Il y a quelques mois, nous avons été intrigués·e·s par une campagne en particulier, celle de Gender Games sur Ulule. Nouveau sur le marché des éditeurs de jeu (sa création remonte à février 2019), cette société nous a bluffé par la révolution qu’elle opère : un jeu de cartes de culture générale nommé Bad Bitches Only.

 

“My name? Bitches, BAD BITCHES ONLY”

Qu’est-ce qui est innovant dans cela me direz-vous ? C’est tout simple et pourtant personne n’y avait pensé avant : le jeu met à l’honneur les femmes, personnes trans, non-binaires et/ou faisant partie des minorités* ayant marqué l’Histoire d’une manière ou d’une autre.

Après une campagne plus que réussie sur Ulule (ndlr : la campagne a atteint 127%), Bad Bitches Only est à présent disponible sur le site de Gender Games.

Rencontre avec sa créatrice : Inès Slim

Nous avons eu la chance de discuter avec la créatrice de Bad Bitches Only, Inès Slim et à cette occasion, nous avons voulu en savoir plus sur le projet de Gender Games.  Elle a gentiment accepté de répondre à nos questions.

 

Présentation d’Inès Slim

Chez Jeux.com, nous souhaitons mettre en avant les jeux qui ouvrent les yeux et l’esprit sur le monde qui nous entoure, attisent la curiosité et développent la réflexion de tous et c’est pour cela que nous tenions absolument à discuter avec vous Inès. Merci d’avoir accepté de répondre à nos questions. C’est avec une grande joie que nous avons suivi la consécration de votre projet et nous ne pouvions pas ne pas en parler sur Jeux.com. Mais tout d’abord, pourriez-vous vous présenter pour celles et ceux qui ne vous connaissent pas ? Qui est Inès Slim ? 

Inès Slim : Je suis une jeune entrepreneuse – de tout juste 25 ans – passionnée de jeux de société et militante féministe depuis quelques années. Diplômée d’une école de commerce et aillant travaillé précédemment dans le milieu muséal, rien ne me prédestinait à me lancer dans cette aventure !

 

Comment l’aventure Gender Games a commencé ?

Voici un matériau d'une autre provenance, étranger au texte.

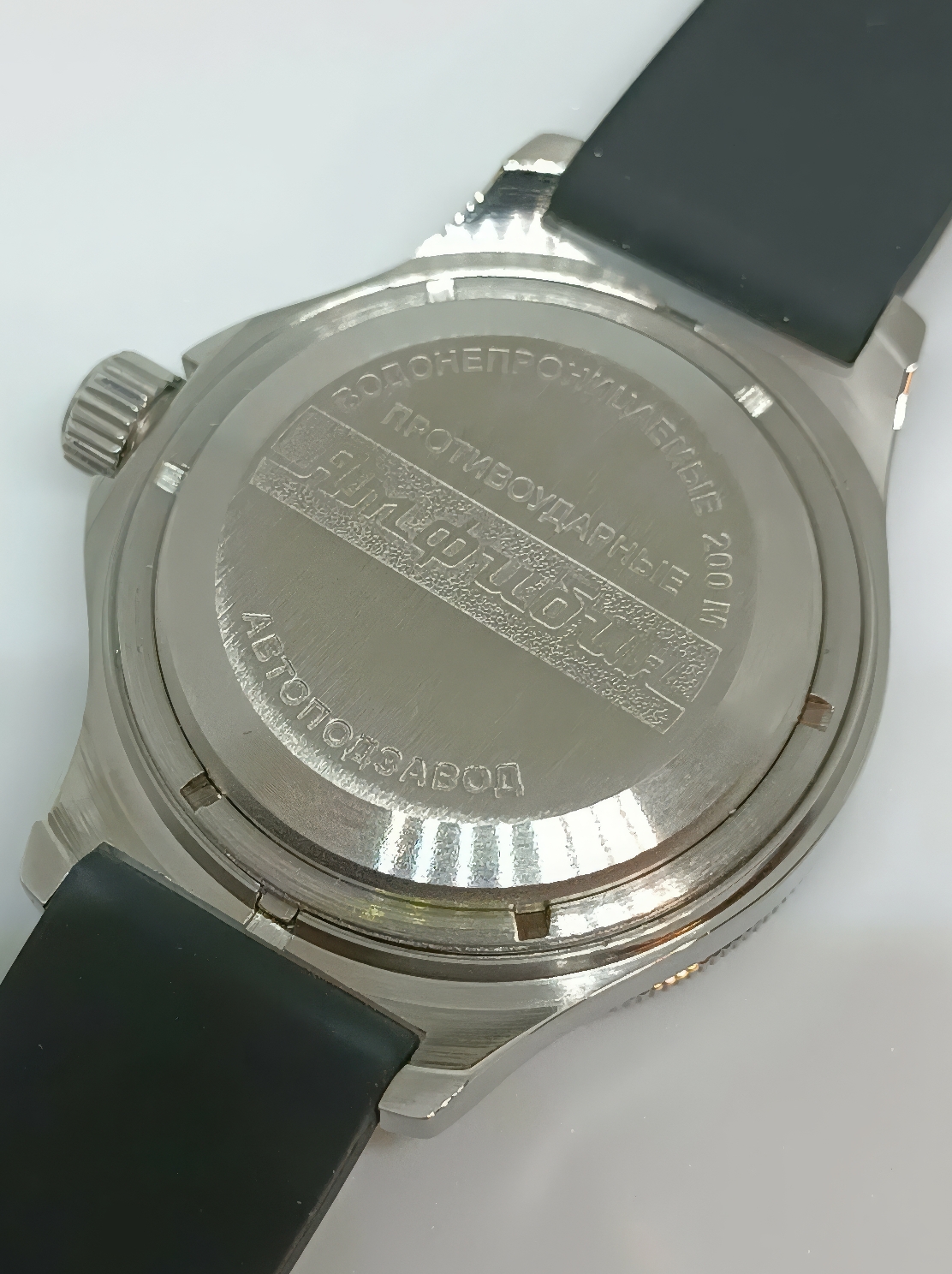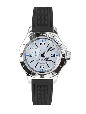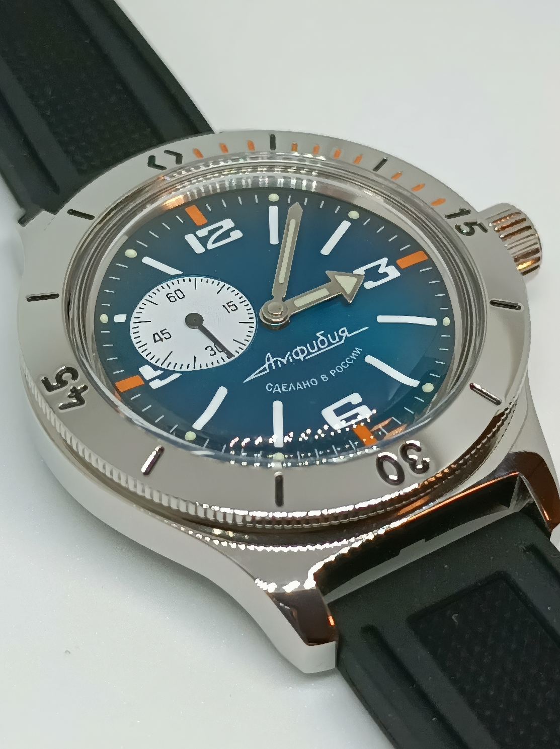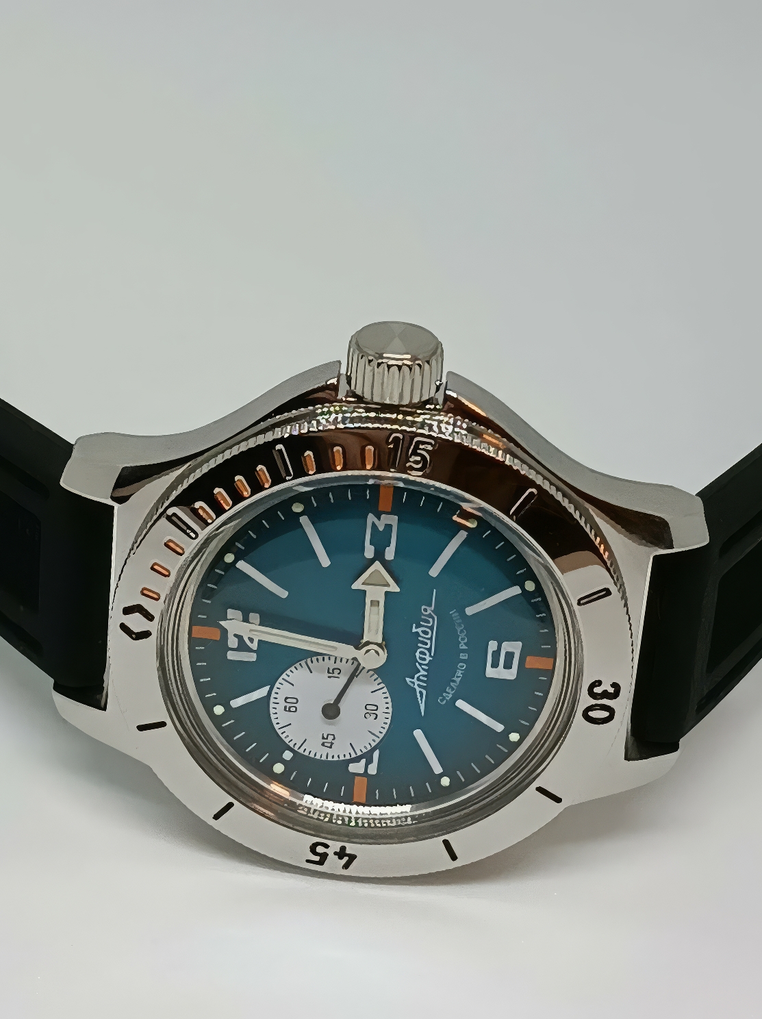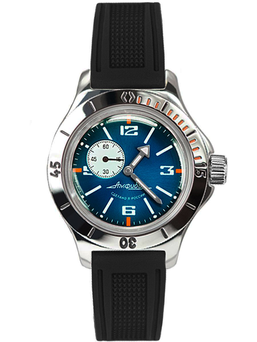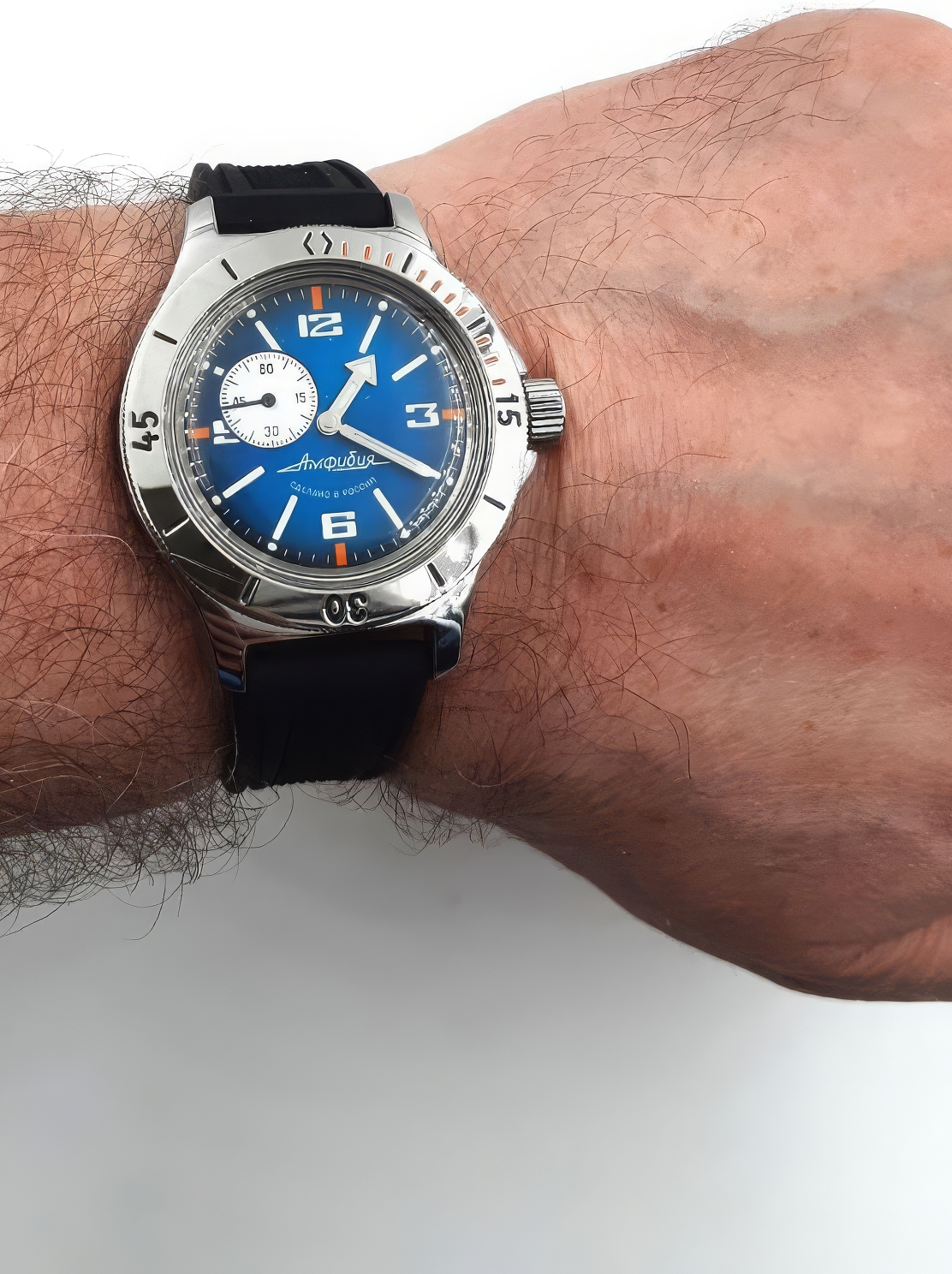 Мужские наручные часы Восток Амфибия 12072Б. Механические с ручным подзаводом. Текстильный ремешок. Ударопрочная конструкция часов защищает от ударов и вибрации. Браслет из нержавеющей стали. Органическое стекло. Часы являются водонепроницаемыми до 20 Бар. Цвет циферблата: Серебристый. Цвет корпуса: Синий. На стрелки и отметки нанесен светонакопительный состав, благодаря этому считывать информацию с циферблата возможно и в темноте. Высота (с ушками): 48 мм. Толщина: 15 мм. Гарантия: 1 год.

Qu’est-ce qui vous a poussé à vous lancer dans l’aventure des jeux de société ? Comment ce projet féministe et inclusif est-il né ?

Inès : Le point de départ de ce projet vient d’un constat plutôt consternant : les statistiques concernant la représentation des femmes et minorités de genre dans tous les domaines de la culture, institutionnelle et populaire. Par exemple, les femmes ne représentent que 2% des noms de rue en France et 6% des noms cités dans les manuels scolaires. Alors même qu’elles sont très nombreuses à avoir marqué l’histoire d’une manière ou d’une autre ! Il est temps de faire évoluer notre culture générale en incluant ces personnes qui représentent la moitié de la population mais sont si souvent invisibilisées.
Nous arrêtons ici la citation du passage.